We started in 1968, which was pre-Ancestry et al, when genealogists were just a whole new breed of geek, who had to mostly rely on the Mormons' embryonic database for anything international, and our State Library and the gloomy basements of Government buildings for anything local. And not a computer in sight. It tended to create bales of paper, but a growing network of fellow believers, which meant that some of the best data and artefacts came from distant rellies' cupboards. It was better than gold-prospecting. And just as addictive.
Now that the journey - which we wouldn't have missed for quids! - is all but done, and much of what we've found has been digitised and spread about in the family for the next generations to have a shot at, we thought we'd assemble some of the more interesting bits that are left over so we can clean out the filing cabinets properly and have a major shred-up.
We've dumped everything into the Pages at the sides, and will go on adding to them as we clear out any fresh bits we think someone might gain value from in their own journey through the ghosts and shadows of their ancestors' stories. These Pages are grouped as...
LIFE STORIES - Those files we've turned into a full narrative.
CHRONOLOGIES - Each couple's life file in date order.
DATA FILES - Sundry files that add to the background.
PHOTO GALERY - Collections of family photos.
... plus a few scattered bits that may be of interest. There's also a Names Index in two parts (and where they're mentioned of course) that might be of help, which can only get bigger and bigger as we sort through.
A couple of qualifiers. We can't absolutely swear everything is error-free, we all make the odd research mistake, but we've cross-checked for authenticity where we could, and said as much where we couldn't. And we may have given an interpretation to our ancestors' lives and times you don't entirely agree with. That's okay, history isn't an exact science.

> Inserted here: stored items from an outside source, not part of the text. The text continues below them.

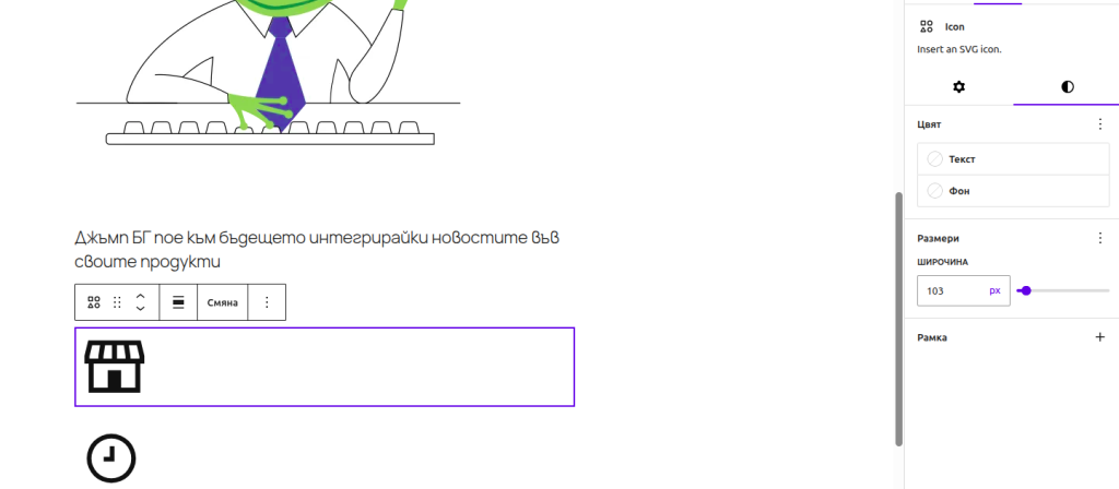Този блок се използва за вмъкване на икони (SVG векторен формат) с регулируем мащаб навсякъде по сайта, без да е необходимо да се прави промяна на кода.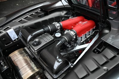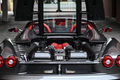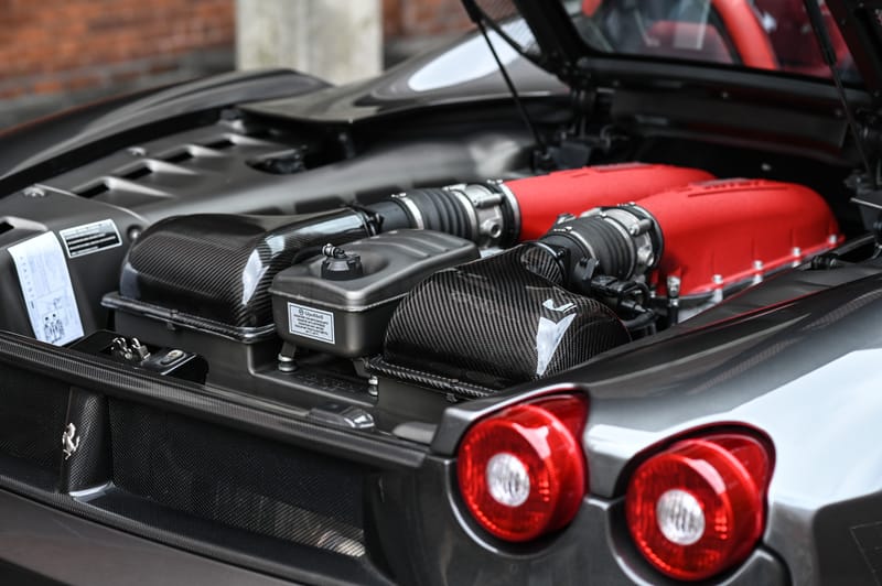 This F430 F1 Spider is powered by a 4.3-liter V8 and is paired with a six-speed F1 semi-automatic transmission. Full carbon-fiber airboxes help produce 490 bhp at 8,500 rpm and 465 Nm (343 lb-ft) of torque. It delivers 0-60 mph (0-97 km/h) in 3.9 seconds with a top speed of 193 mph (311 km/h).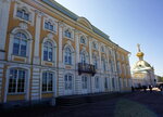 Великолепный, величественный, грандиозный дворец. Находится на возвышении и является доминантой всего Петергофского ансамбля. Первоначально достаточно скромный при Петре I, не любившем просторные дворцы, и далее многократно расширялся, надстраивался и реконструировался, сохраняя и дополняя первоначальную постройку. Дворец - летняя резиденция и место жительства Дома Романовых, институт сохранения множества подлинных предметов искусства и институт реставрации. В годы Великой Отечественной войны был оккупирован немцами, расстреливался, разграблялся, сжигался и уничтожался с особой злобой и жестокостью, как символ Империи. Сейчас в Большом Петергофском дворце проходит временная выставка Подвиг возрождения (фото прилагаю) о том, что осталось от дворца после войны (только фасадные стены без крыши), как эвакуировали и спасали ценности, как по особой технологии закапывали, маскировали и прятали габаритные скульптуры, как по схемам и планам их потом разыскивали и находили. О том что исчезло навсегда, например, скульптура "Самсон", которую из-за веса, объёма, отсутствия времени, оборудования и рабочих рук, просто не успели демонтировать и спрятать. О подвиге реставраторов, сумевших очень бережно, по старинным технологиям сделать невозможное, повторить этот шедевр и возрадить его величие. Сегодня Большой Петергофский дворец даёт возможность осмотреть его с общим экскурсионным обслуживанием, существуют множество маршрутов. В летнее время предлагаются особые, авторские экскурсии, разные по теме из года в год, в выходной день для обычных посетителей, в пустом, полностью закрытом музее. Вы сможете посетить музейное пространство с хранителем, который, вооруживщись перчатками, покажет вблизи некоторые экспонаты, расскажет и пояснит то, что не видно обычным посетителям, проведёт совершенно особенным маршрутом.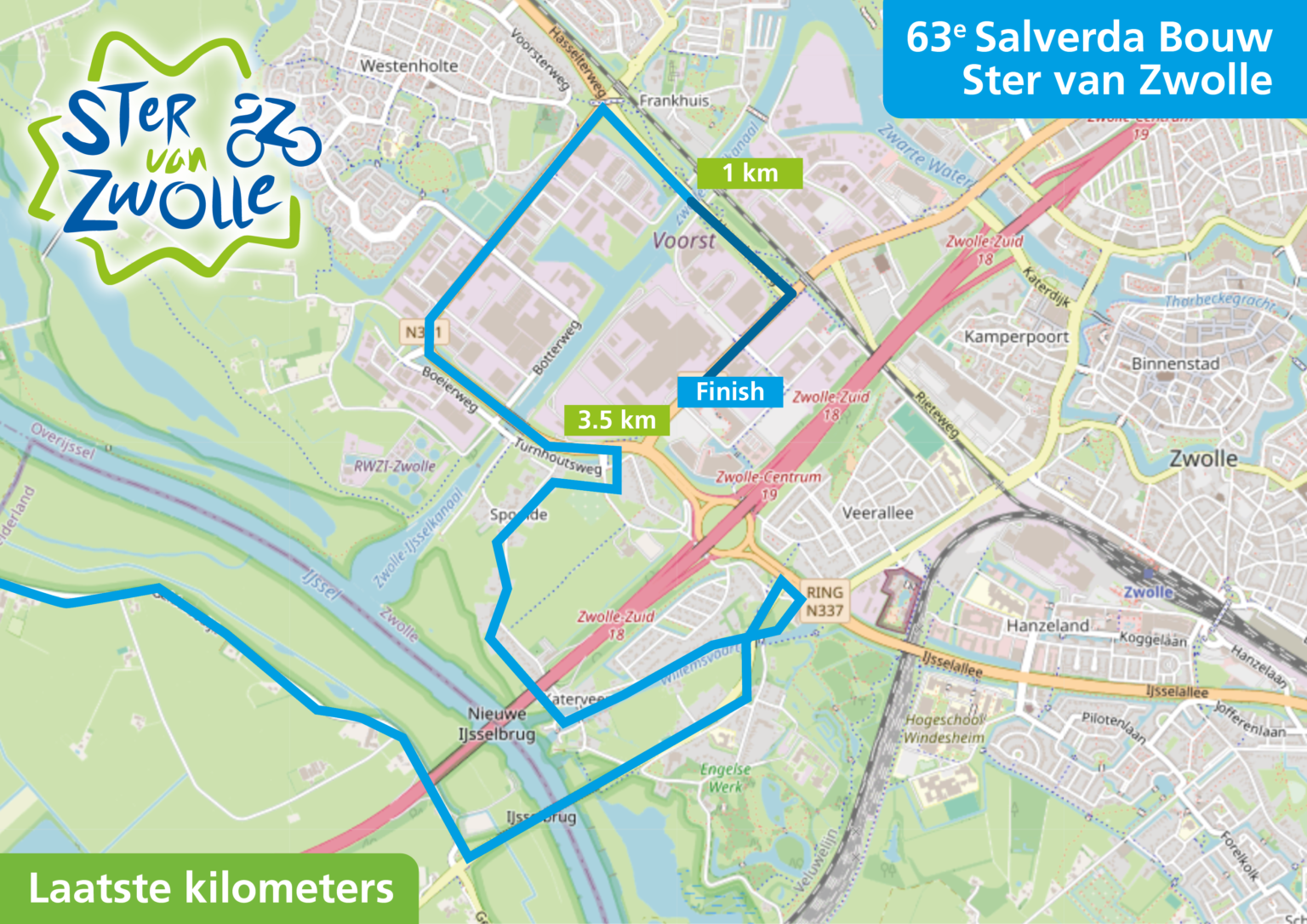 De wielerploeg komt via de Spoolderbergweg – Kleine Veerweg – Nilantsweg – Meenteweg – Turnhoutsweg – Westenholterallee – Hasselterweg – Voorsterbrug – Hasselterweg – Blaloweg naar de finish ter hoogte van Scania. Hiervoor is de Blaloweg in de richting van de A28 afgesloten. Het gaat om het gedeelte tussen Hasselterweg/Russenweg en de Westenholterallee. De Blaloweg in de richting van de Zwartewaterallee blijft open. Doorgaand verkeer wordt omgeleid via de Hasselterweg en de Westenholterallee richting de A28. Het fietspad is ook afgesloten. Fietsers worden omgeleid naar het fietspad aan de overkant.

And the Irish records! When it comes to the Irish Catholic working mug at the bottom, any earlier than about 1900, without all those lost Census Returns from the 1800s, well - take a whole bunch of 1,000-piece jigsaw puzzles of green fields and cabins and people working, tip them into a big bag and shake it up, make a rough sketch of the pictures on the boxes and burn the boxes, then burn two-thirds of the pieces as well. Now start to assemble the original pictures. That's about what it's like.
Add to this the fact that the limited original sources of "old" Irish history have been used by scholars over the last four hundred or so years, but not always interpreted by them the same way, sometimes being outright contradictory, some even discredited by latter day researchers.
Our approach has been to take what we want from a wide variety of those studies, and quote the most-agreed-upon versions. But even then, some of the time you just have to have a damn good punt!
So, be our guest, feel free to copy anything useful.